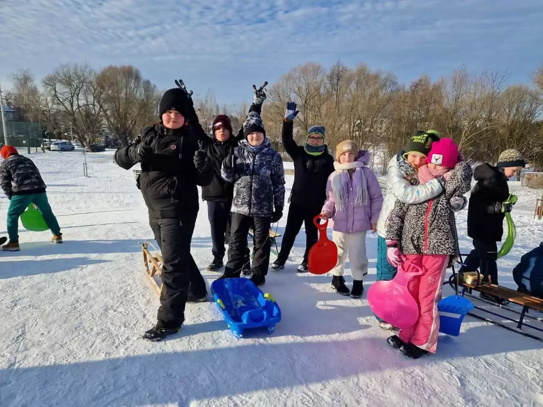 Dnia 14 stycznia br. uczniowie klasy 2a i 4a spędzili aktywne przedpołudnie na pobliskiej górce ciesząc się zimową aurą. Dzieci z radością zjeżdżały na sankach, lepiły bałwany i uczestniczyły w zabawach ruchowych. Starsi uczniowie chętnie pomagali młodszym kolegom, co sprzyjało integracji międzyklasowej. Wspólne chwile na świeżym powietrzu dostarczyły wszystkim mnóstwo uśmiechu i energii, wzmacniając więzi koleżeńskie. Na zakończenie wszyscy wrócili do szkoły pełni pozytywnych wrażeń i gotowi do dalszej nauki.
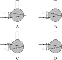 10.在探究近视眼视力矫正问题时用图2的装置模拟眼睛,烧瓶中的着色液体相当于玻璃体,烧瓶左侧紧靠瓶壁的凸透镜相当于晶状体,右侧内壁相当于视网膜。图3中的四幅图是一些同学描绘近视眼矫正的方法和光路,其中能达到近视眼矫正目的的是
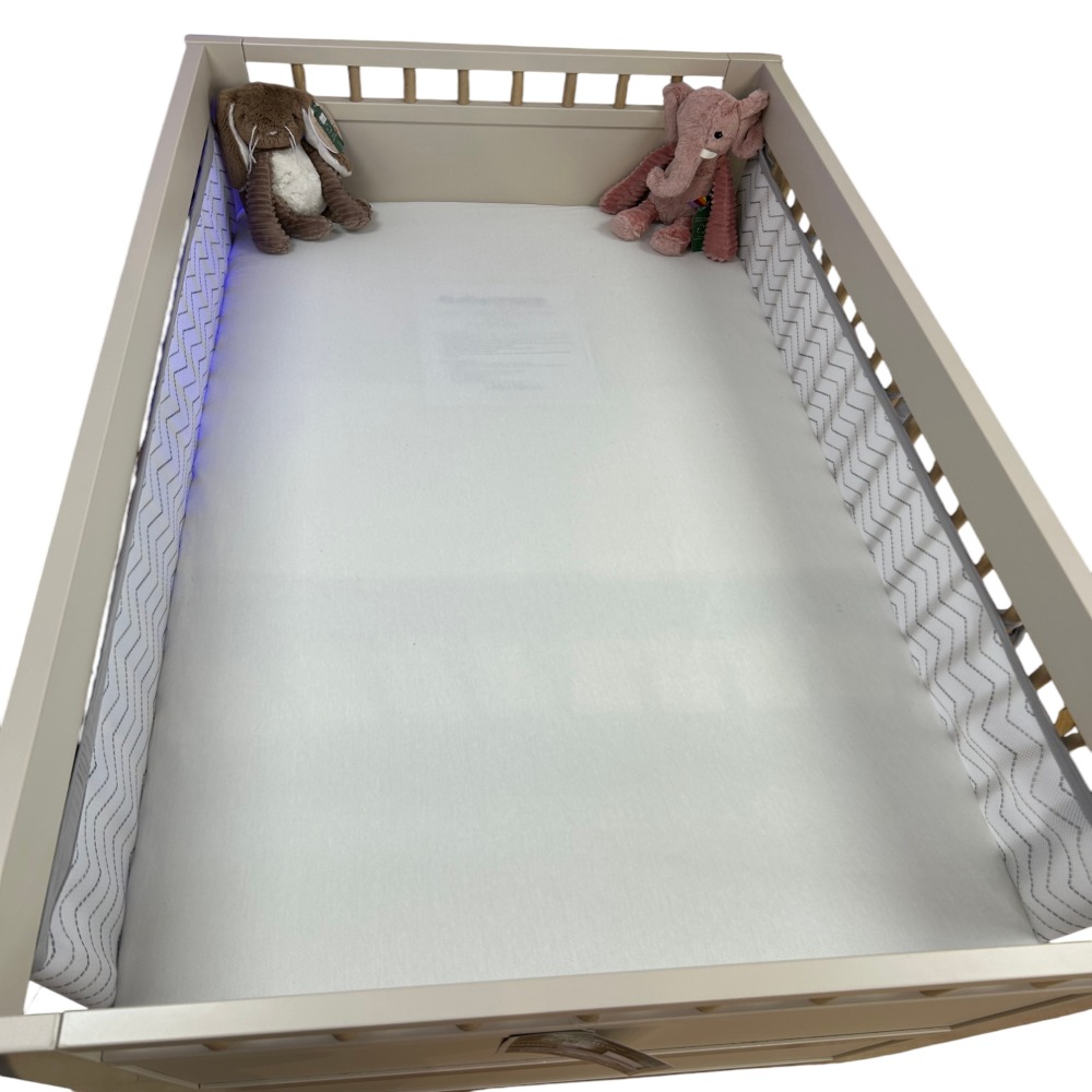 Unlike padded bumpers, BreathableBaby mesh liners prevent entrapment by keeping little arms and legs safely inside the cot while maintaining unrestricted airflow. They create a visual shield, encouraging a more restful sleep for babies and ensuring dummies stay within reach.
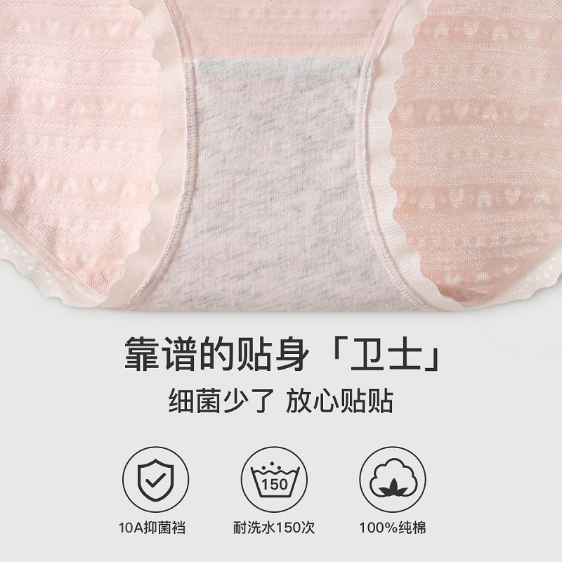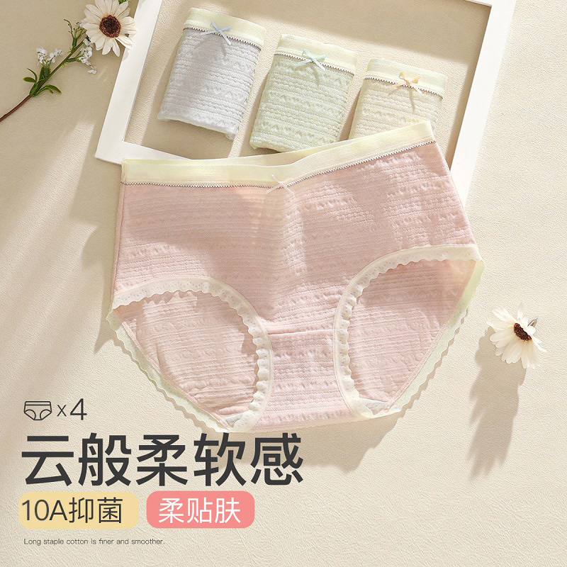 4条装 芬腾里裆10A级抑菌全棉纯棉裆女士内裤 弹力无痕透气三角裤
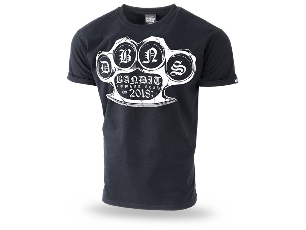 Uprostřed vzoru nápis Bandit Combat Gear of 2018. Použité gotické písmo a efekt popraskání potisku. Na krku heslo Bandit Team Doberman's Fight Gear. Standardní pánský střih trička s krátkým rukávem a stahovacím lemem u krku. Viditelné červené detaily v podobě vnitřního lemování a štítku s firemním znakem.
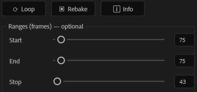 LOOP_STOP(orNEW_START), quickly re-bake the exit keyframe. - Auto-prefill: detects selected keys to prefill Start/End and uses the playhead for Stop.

...

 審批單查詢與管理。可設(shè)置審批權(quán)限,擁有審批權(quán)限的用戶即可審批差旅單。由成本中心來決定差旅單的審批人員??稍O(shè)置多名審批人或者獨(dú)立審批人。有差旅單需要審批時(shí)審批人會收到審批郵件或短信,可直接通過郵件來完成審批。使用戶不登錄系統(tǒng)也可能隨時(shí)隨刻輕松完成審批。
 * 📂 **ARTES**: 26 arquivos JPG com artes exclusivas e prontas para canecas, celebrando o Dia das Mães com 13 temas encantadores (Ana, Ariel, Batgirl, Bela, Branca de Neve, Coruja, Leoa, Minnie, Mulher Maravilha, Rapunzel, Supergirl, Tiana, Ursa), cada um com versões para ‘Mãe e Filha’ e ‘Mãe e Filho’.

--

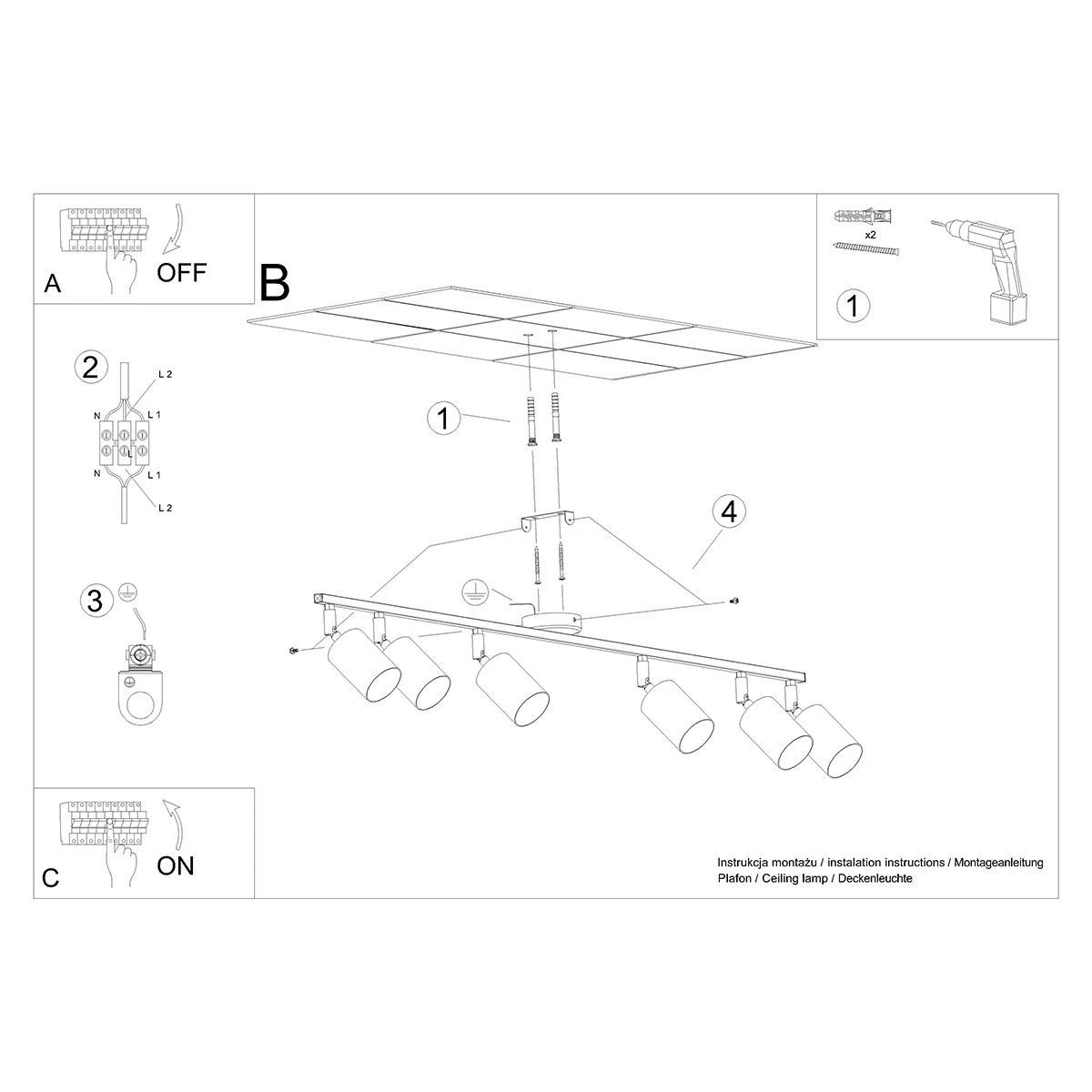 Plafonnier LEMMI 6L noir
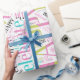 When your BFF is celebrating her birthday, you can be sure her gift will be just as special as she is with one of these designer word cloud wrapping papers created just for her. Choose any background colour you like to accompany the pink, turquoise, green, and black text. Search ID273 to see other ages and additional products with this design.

## WORK TO BE COMPLETED
Exactly as written above, retype the lines starting at the one holding "Dnia 14 stycznia" and ending at the one holding "Uprostřed vzoru nápis", both included, but not the pictures.

## EXPECTED OUTPUT
 Dnia 14 stycznia br. uczniowie klasy 2a i 4a spędzili aktywne przedpołudnie na pobliskiej górce ciesząc się zimową aurą. Dzieci z radością zjeżdżały na sankach, lepiły bałwany i uczestniczyły w zabawach ruchowych. Starsi uczniowie chętnie pomagali młodszym kolegom, co sprzyjało integracji międzyklasowej. Wspólne chwile na świeżym powietrzu dostarczyły wszystkim mnóstwo uśmiechu i energii, wzmacniając więzi koleżeńskie. Na zakończenie wszyscy wrócili do szkoły pełni pozytywnych wrażeń i gotowi do dalszej nauki.
 10.在探究近视眼视力矫正问题时用图2的装置模拟眼睛,烧瓶中的着色液体相当于玻璃体,烧瓶左侧紧靠瓶壁的凸透镜相当于晶状体,右侧内壁相当于视网膜。图3中的四幅图是一些同学描绘近视眼矫正的方法和光路,其中能达到近视眼矫正目的的是
 Unlike padded bumpers, BreathableBaby mesh liners prevent entrapment by keeping little arms and legs safely inside the cot while maintaining unrestricted airflow. They create a visual shield, encouraging a more restful sleep for babies and ensuring dummies stay within reach.
 4条装 芬腾里裆10A级抑菌全棉纯棉裆女士内裤 弹力无痕透气三角裤
 Uprostřed vzoru nápis Bandit Combat Gear of 2018. Použité gotické písmo a efekt popraskání potisku. Na krku heslo Bandit Team Doberman's Fight Gear. Standardní pánský střih trička s krátkým rukávem a stahovacím lemem u krku. Viditelné červené detaily v podobě vnitřního lemování a štítku s firemním znakem.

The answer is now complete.